Que cherchait BMW dans les bornes d’Autolib’ ? Rien, selon le constructeur allemand, qui "conteste formellement toute accusation d’espionnage" dans un communiqué émis le 10 septembre. BMW reconnaît qu’il a effectué des "tests de routine" les 21, 22 et 26 août à Paris, mais affirme que leur seul but était de vérifier la compatibilité des bornes de recharges avec ses véhicules électriques. Au salon automobile de Francfort, sur le stand du constructeur allemand, on s’étonne que l’affaire sorte juste avant le grand rendez-vous où précisément BMW annonce son arrivée sur le véhicule électrique. Il n’est d’ailleurs pas tout seul puisque son concurrent Volkswagen a lui-même annoncé de grandes ambitions alors qu’il était resté très timoré dans ce domaine.

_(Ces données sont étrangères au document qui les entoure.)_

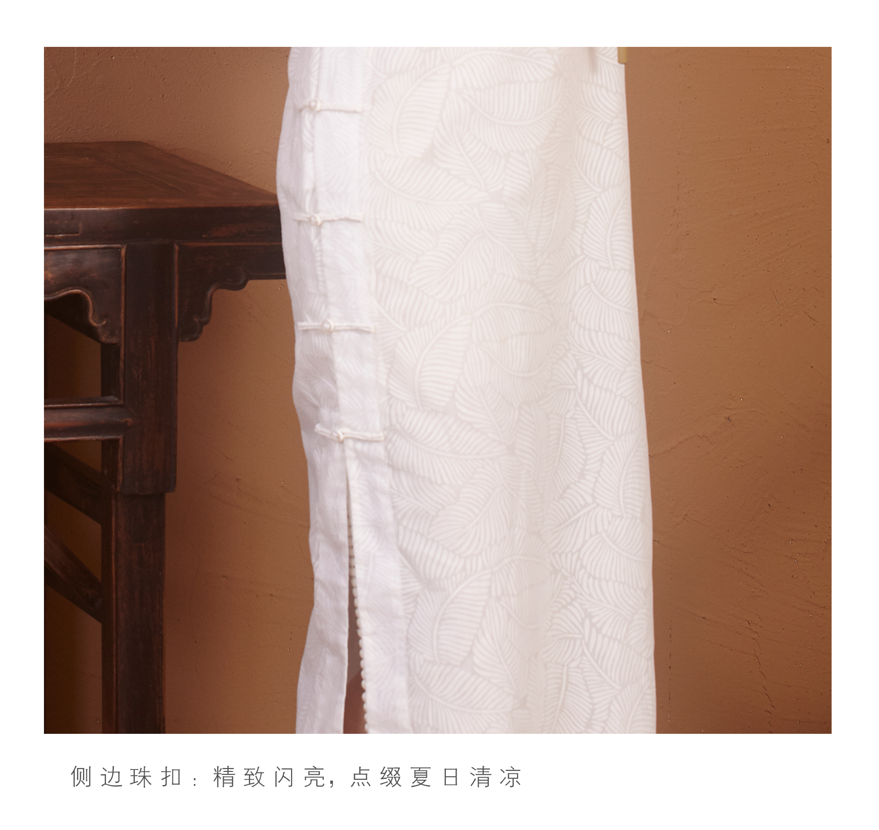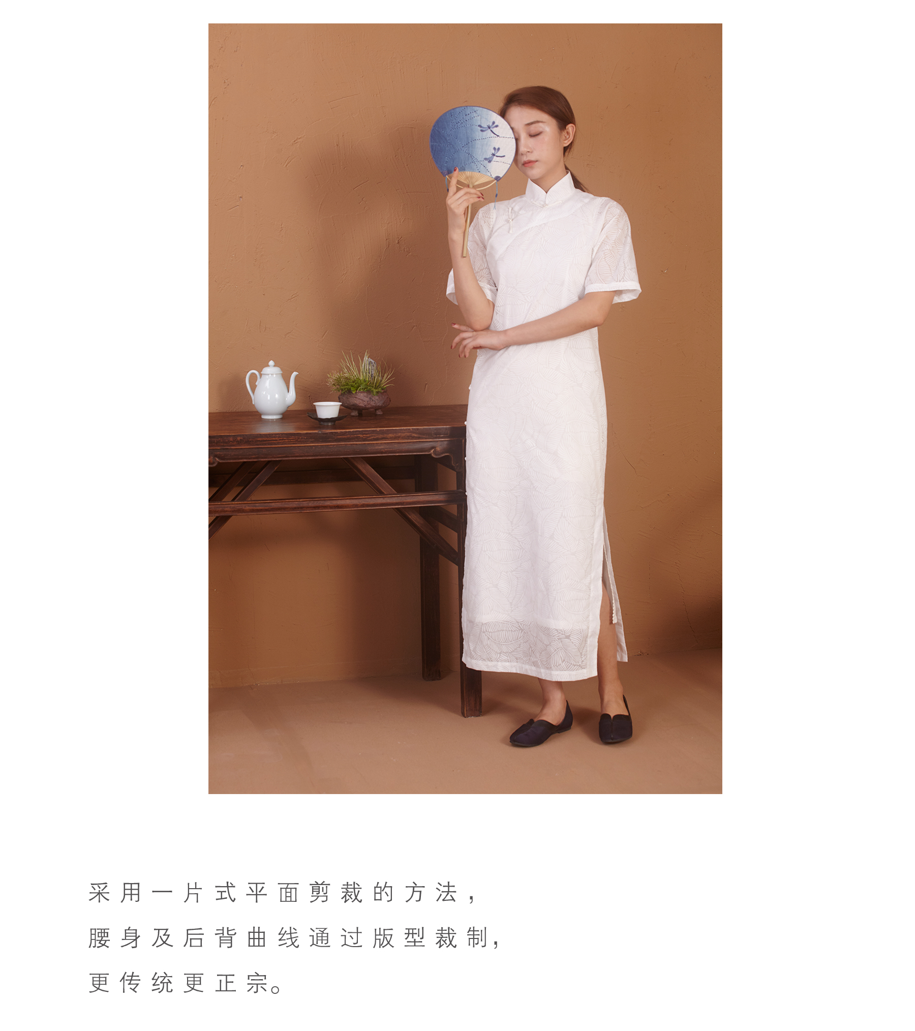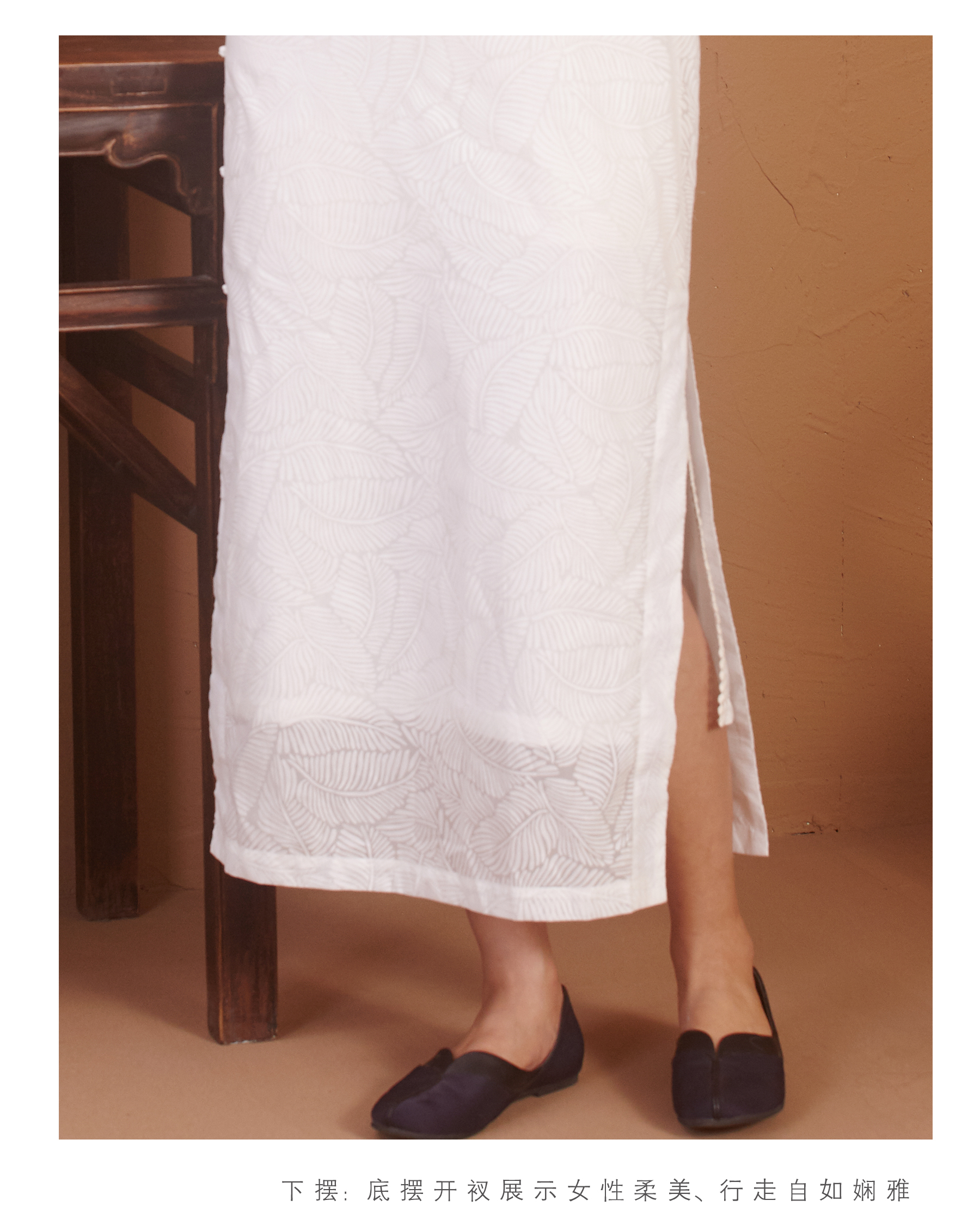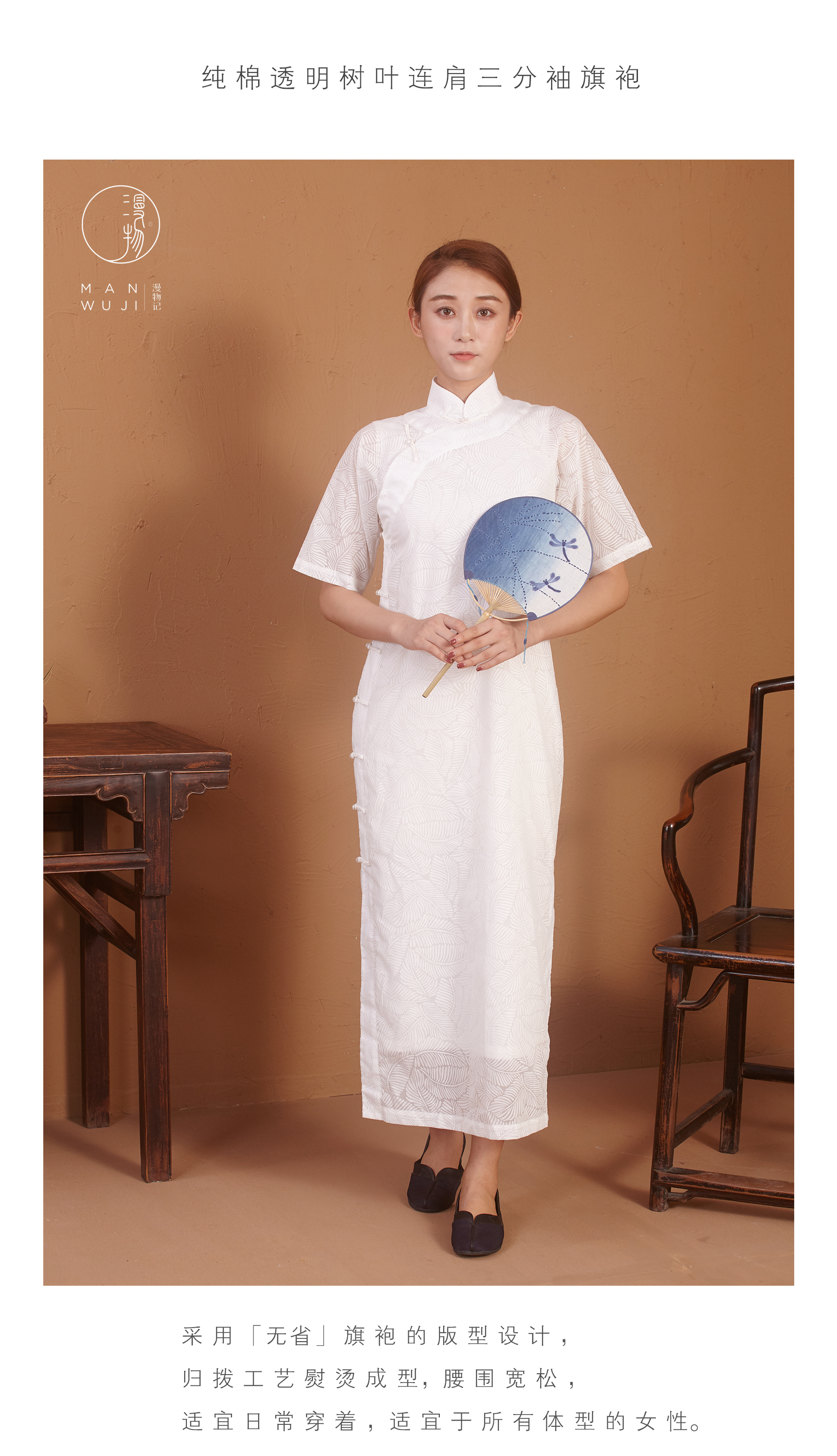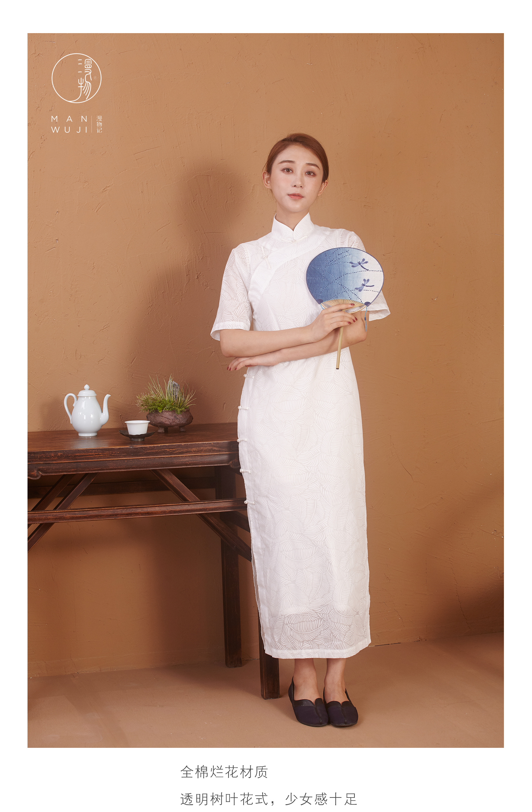 【漫物记】烂花棉连肩三分袖白色树叶纹旗袍(不含内搭)

La méthode du constructeur laisse songeur : selon Le Figaro, les deux techniciens de haut-niveau de la société P3 Group qui ont été arrêtés en flagrant délit le 5 septembre se seraient fait passer pour des agents de maintenance afin de justifier leurs interventions, matériel informatique à l’appui, sur des bornes de recharge d’Autolib’. Quant au but affiché, vérifier la compatibilité… "Cela aurait été plus simple de nous le demander, rétorque un porte-parole d’Autolib’. C’est ce qu’ont fait d’autres constructeurs, avec qui nous avons collaboré."

Accès au système d’information

Du côté d’Autolib’, l’heure est à l’inquiétude : "Ces techniciens se sont connectés avec des ordinateurs sur nos bornes. Il y a des technologies de pointe derrière. Nous ne savons pas ce qu’ils ont pu récupérer, jusqu’où ils ont pu remonter." Une borne Autolib’ est en effet plus qu’une simple prise électrique. C’est un point d’accès au cœur du succès d’Autolib’ : son système d’information. Les bornes sont en liaison directe avec les serveurs du centre de Vaucresson. A partir de cette propriété de la famille Bolloré, dans les Hauts-de-Seine, le système informatique développé au sein du groupe suit en temps réel les Bluecar géolocalisées, gère des dizaines de milliers de réservations par semaine, la disponibilité des voitures aux 4 000 stations de recharge et, bien sûr, la tarification des trajets effectués.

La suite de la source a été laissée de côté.